Exercise directions: Note on the material below: return exactly the lines from the line that holds "为热烈庆祝中华人民共和国建立" through the line that holds "Metal Colander Set", and leave out each picture.

─── Extracted entries ───

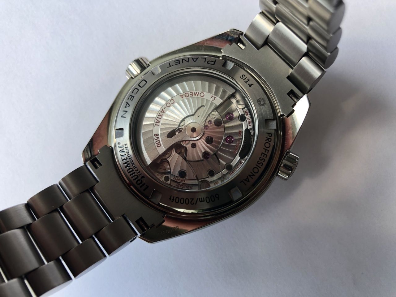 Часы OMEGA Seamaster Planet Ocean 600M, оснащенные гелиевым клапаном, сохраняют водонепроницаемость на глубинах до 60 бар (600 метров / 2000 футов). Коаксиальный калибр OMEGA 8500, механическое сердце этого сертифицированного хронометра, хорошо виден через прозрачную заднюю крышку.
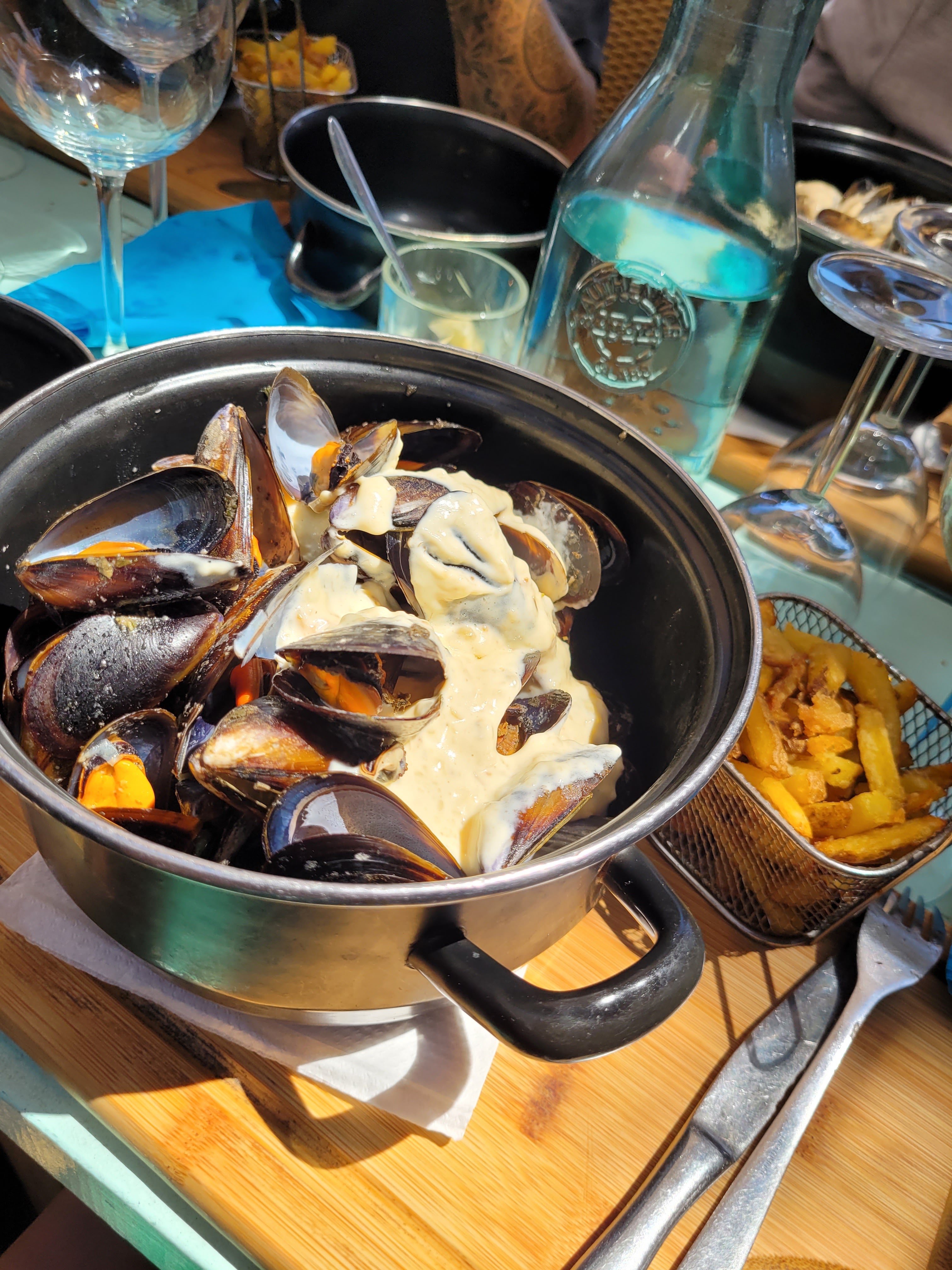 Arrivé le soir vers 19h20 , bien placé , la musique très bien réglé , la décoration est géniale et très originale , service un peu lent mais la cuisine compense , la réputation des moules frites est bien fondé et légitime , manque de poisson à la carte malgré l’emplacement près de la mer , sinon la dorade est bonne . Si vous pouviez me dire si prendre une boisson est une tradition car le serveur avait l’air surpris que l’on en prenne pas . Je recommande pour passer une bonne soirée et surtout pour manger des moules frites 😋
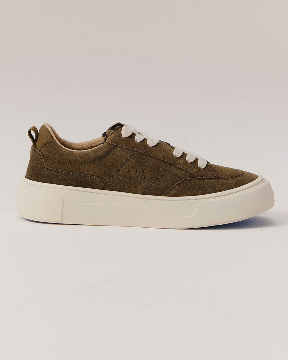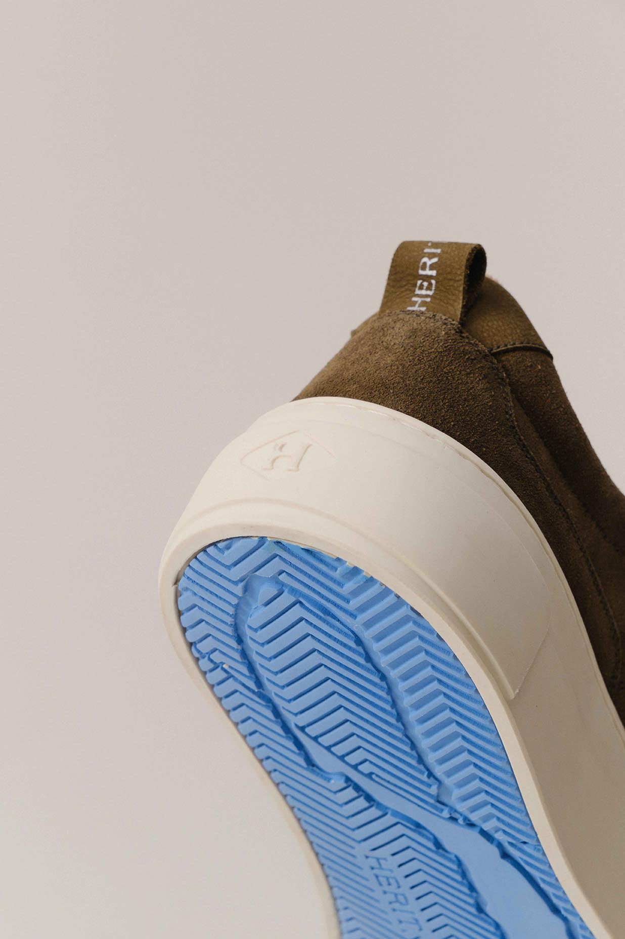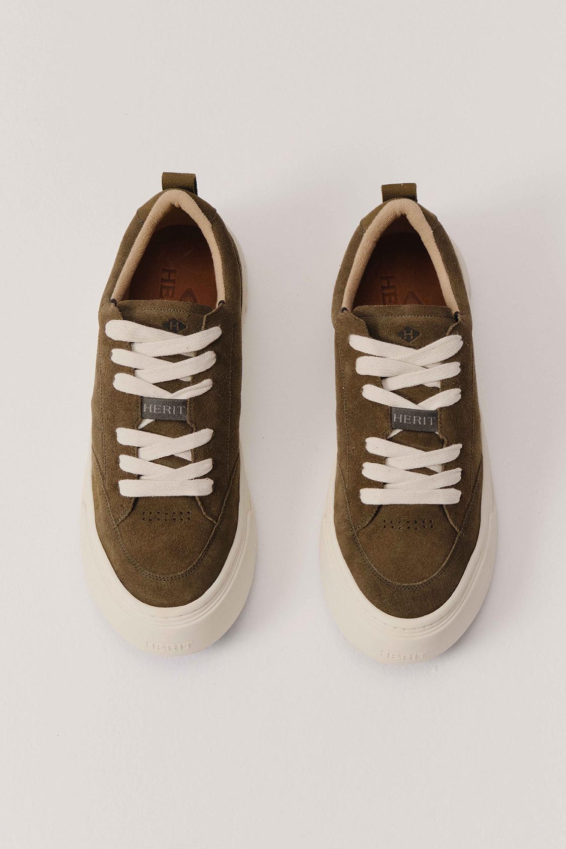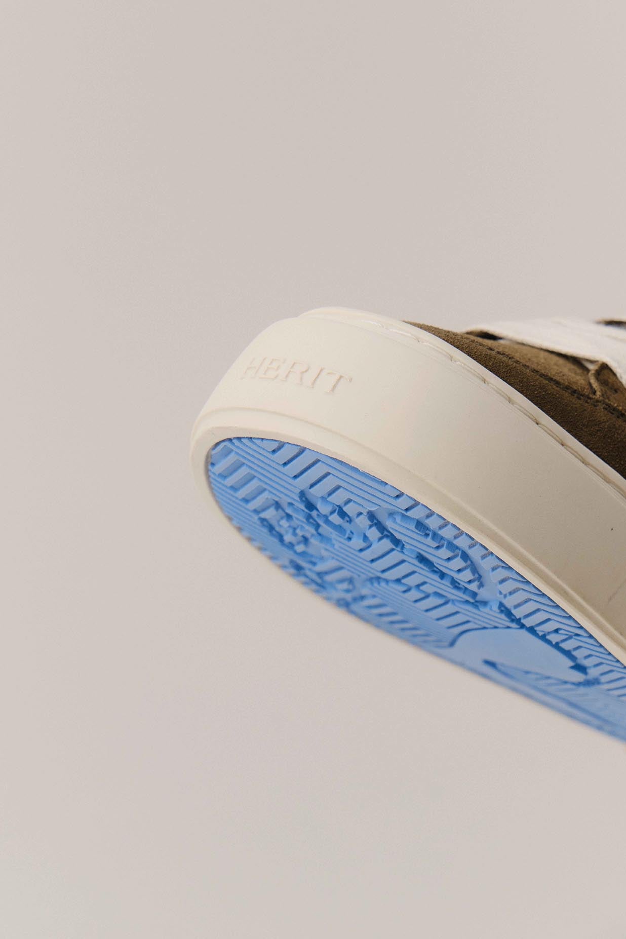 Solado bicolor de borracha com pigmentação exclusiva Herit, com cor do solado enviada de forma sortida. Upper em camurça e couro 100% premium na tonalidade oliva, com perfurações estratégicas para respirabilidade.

───
─── Extracted entries ───

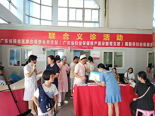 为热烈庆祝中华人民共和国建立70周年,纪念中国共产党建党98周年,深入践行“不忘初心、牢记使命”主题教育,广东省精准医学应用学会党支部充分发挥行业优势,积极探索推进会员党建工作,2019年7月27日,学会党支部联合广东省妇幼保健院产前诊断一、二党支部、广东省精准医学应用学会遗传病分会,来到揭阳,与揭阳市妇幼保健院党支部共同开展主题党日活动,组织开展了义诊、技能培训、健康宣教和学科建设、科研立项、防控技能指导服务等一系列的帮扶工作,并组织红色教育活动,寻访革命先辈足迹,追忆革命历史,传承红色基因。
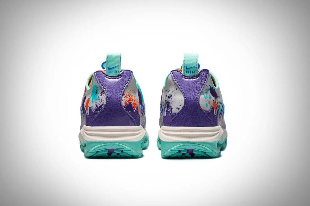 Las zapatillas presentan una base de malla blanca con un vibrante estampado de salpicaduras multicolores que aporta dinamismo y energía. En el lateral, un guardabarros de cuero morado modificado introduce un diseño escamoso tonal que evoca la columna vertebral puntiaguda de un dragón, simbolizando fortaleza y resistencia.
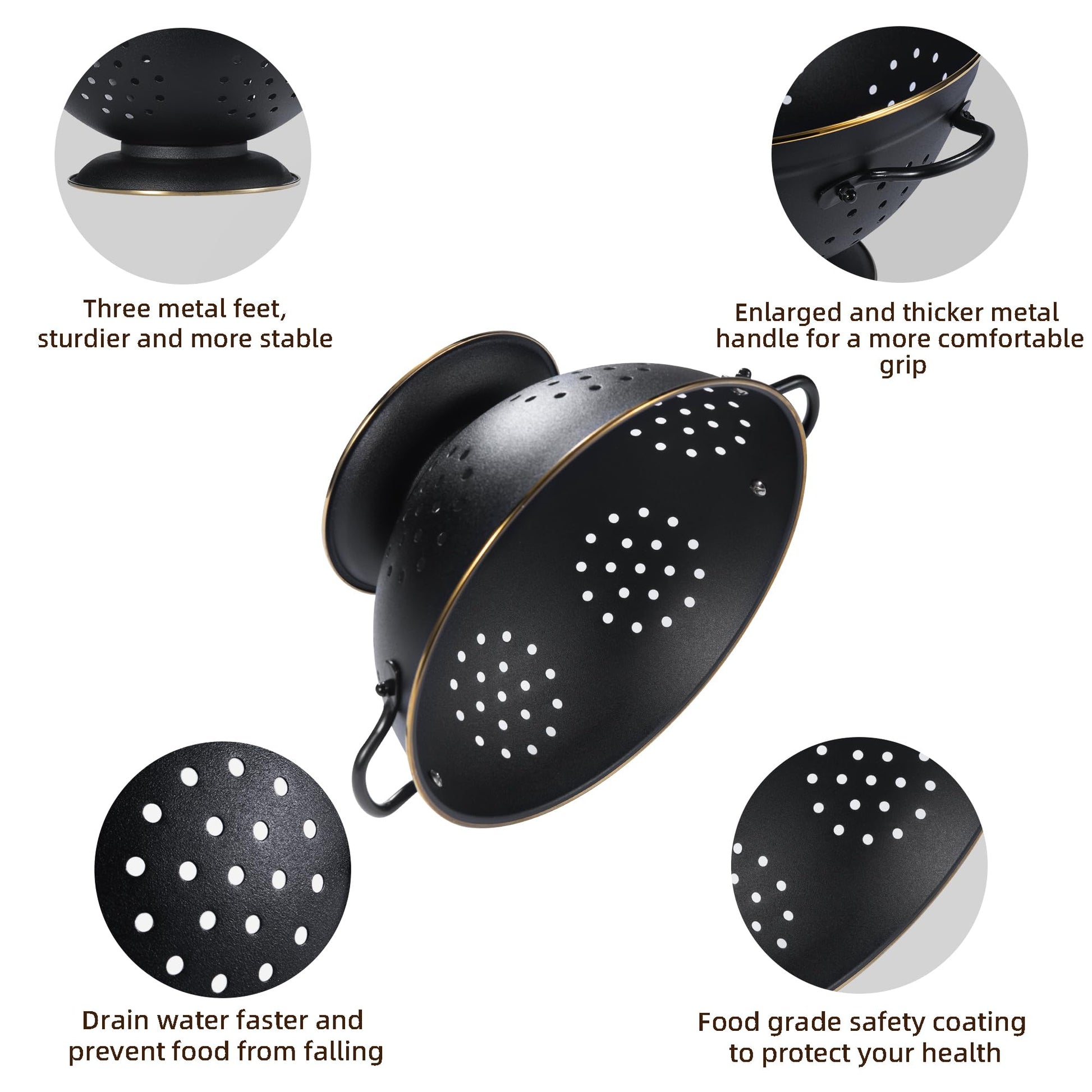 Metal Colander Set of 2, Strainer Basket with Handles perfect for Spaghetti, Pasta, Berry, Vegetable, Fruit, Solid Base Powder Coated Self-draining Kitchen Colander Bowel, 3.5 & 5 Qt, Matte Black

───

Completed exercise:
 为热烈庆祝中华人民共和国建立70周年,纪念中国共产党建党98周年,深入践行“不忘初心、牢记使命”主题教育,广东省精准医学应用学会党支部充分发挥行业优势,积极探索推进会员党建工作,2019年7月27日,学会党支部联合广东省妇幼保健院产前诊断一、二党支部、广东省精准医学应用学会遗传病分会,来到揭阳,与揭阳市妇幼保健院党支部共同开展主题党日活动,组织开展了义诊、技能培训、健康宣教和学科建设、科研立项、防控技能指导服务等一系列的帮扶工作,并组织红色教育活动,寻访革命先辈足迹,追忆革命历史,传承红色基因。
 Las zapatillas presentan una base de malla blanca con un vibrante estampado de salpicaduras multicolores que aporta dinamismo y energía. En el lateral, un guardabarros de cuero morado modificado introduce un diseño escamoso tonal que evoca la columna vertebral puntiaguda de un dragón, simbolizando fortaleza y resistencia.
 Metal Colander Set of 2, Strainer Basket with Handles perfect for Spaghetti, Pasta, Berry, Vegetable, Fruit, Solid Base Powder Coated Self-draining Kitchen Colander Bowel, 3.5 & 5 Qt, Matte Black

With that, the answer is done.